Ignoring women's rights
A sociologist by training, she was a communist in her youth and fled for a while to the Soviet Union. Once she returned, her research work and activism revolved around miners initially, then the condition of women and native communities. In a conservative country, the Left saw these far-from-privileged sectors as its natural constituents and support base.
In time, her views and activities led her to join the socialist and indigenist MAS movement of the former president, Evo Morales. Late in his last presidency, in 2019, Pérez Ramos was appointed Bolivia's ambassador in Iran. The two countries' ties had flourished under Morales, again in part for their shared hostility to the United States.

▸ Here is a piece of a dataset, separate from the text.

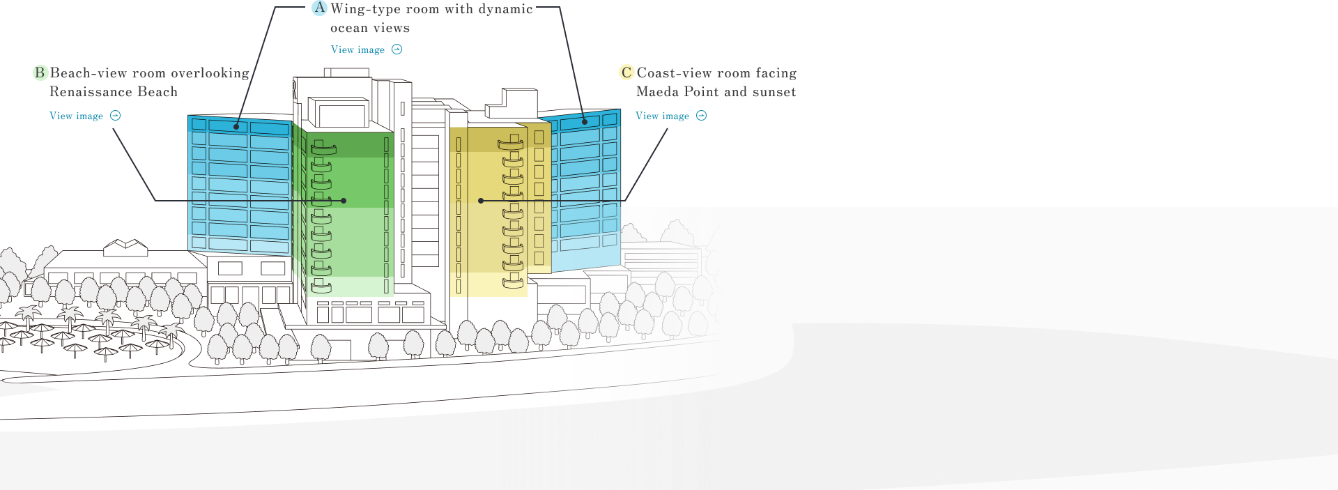 A lively beach view overlooking the white sand beach and pool, and a coast view where you can enjoy the changing natural sea and sky. You can choose any view according to your preference.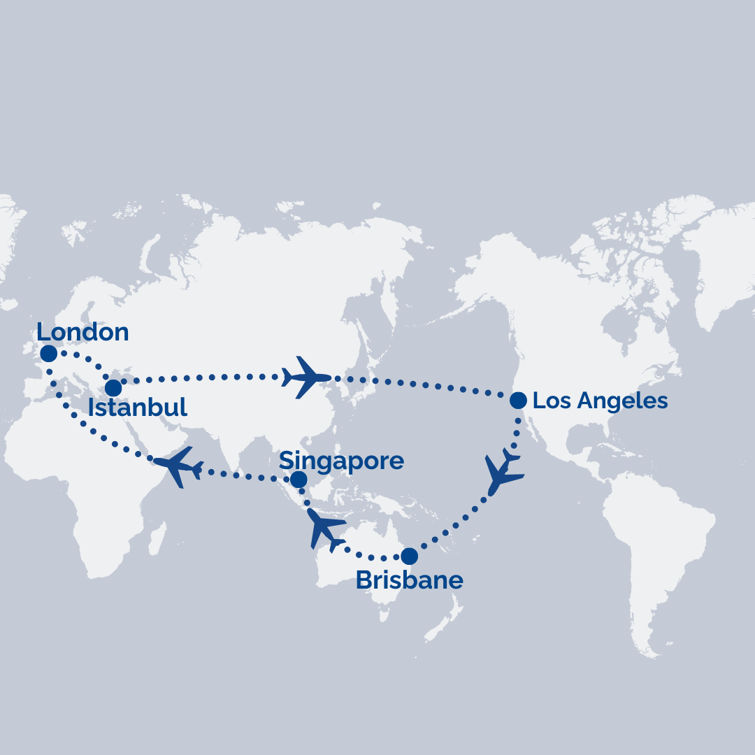 Brisbane → Singapore → Istanbul [Transit] → London → Istanbul → Los Angeles → Brisbane

The embassy was briefly shut in 2020, to save money, when Morales was replaced with a conservative administration, but reopened after the Left regained power that year. Last October, Pérez Ramos, this former defender of the rights of workers and women in her own country, denounced Iran's mass protests and the Woman, Life, Freedom movement as a Zionist and "British" plot.

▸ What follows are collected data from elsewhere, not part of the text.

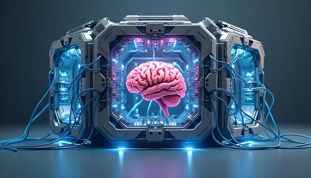 Human brain in futuristic containment unit with blue cables, conceptual AI brain computer interface and advanced artificial intelligence processing core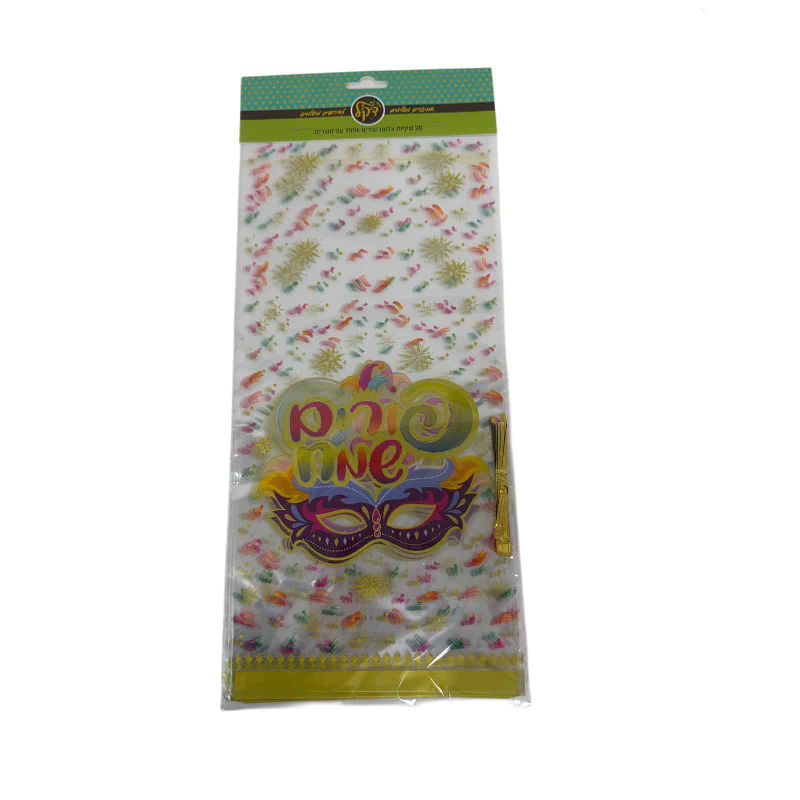/ חבילת 20 שקיות צלופן- פורים שמח מסכה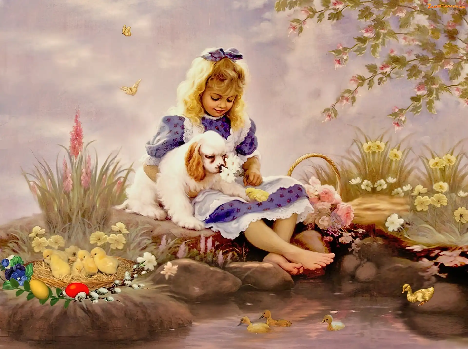 Wielkanoc, Dziewczynka, Pies

Bolivia, she said, was a "brother country to Iran and we have anti-imperialist ideas"
She was speaking at a meeting with the mayor of Tabriz in north-western Iran. Bolivia, she said, was a "brother country to Iran and we have anti-imperialist ideas," adding she was confident Iran's problems would be solved "with the knowledge and intelligence of its dear leader." Her comments, so clearly dismissive of women fighting for their rights, caused a furore among government opponents in Bolivia and especially defenders of women's rights, and she later said they had been misunderstood or distorted.

Oct. 26, 2010: Iranian President Mahmoud Ahmadinejad welcomes Bolivian President Evo Morales in Tehran, capital of Iran.
Ahmad Halabisaz/Xinhua/ZUMA
Crony ties
You wonder if the envoy's prominence these days is for Bolivia's increasing importance as a chief repository of lithium. As a mineral needed for batteries and solar panels, it is in many ways the oil of the future. Or, as some Iranians suspect, are regime hands in both states forging "crony ties," like those likely developed with Venezuela?
Pérez often appears at state-sponsored events alongside the envoys of Venezuela and Nicaragua, but also in shrines and religious premises. Local media will show her leaning against a tomb, meditatively, like a Shia Muslim, which presumably she is not. She has claimed to have felt, after visiting a shrine in Qom in central Iran, the curative effects of soil taken from Kerbala (in Iraq), where the Prophet Muhammad's grandson Hussein was killed. Whatever happened to communist anti-clericalism?
She might even have called the book "Islam in Action"
The envoys of Bolivia, Venezuela and Nicaragua were recently promoting the Spanish edition of the Iranian supreme leader's autobiography, entitled Cell Number 14. Pérez Ramos praised Ayatollah Ali Khamenei as a "real fighter," speaking at the book's presentation at a Tehran book fair on May 15, saying she might even have called the book "Islam in Action," as this was essentially its "inspiring" message.
Such declarations might be dismissed as mere flattery, or preposterous, if they weren't made against a backdrop of state violence and murders.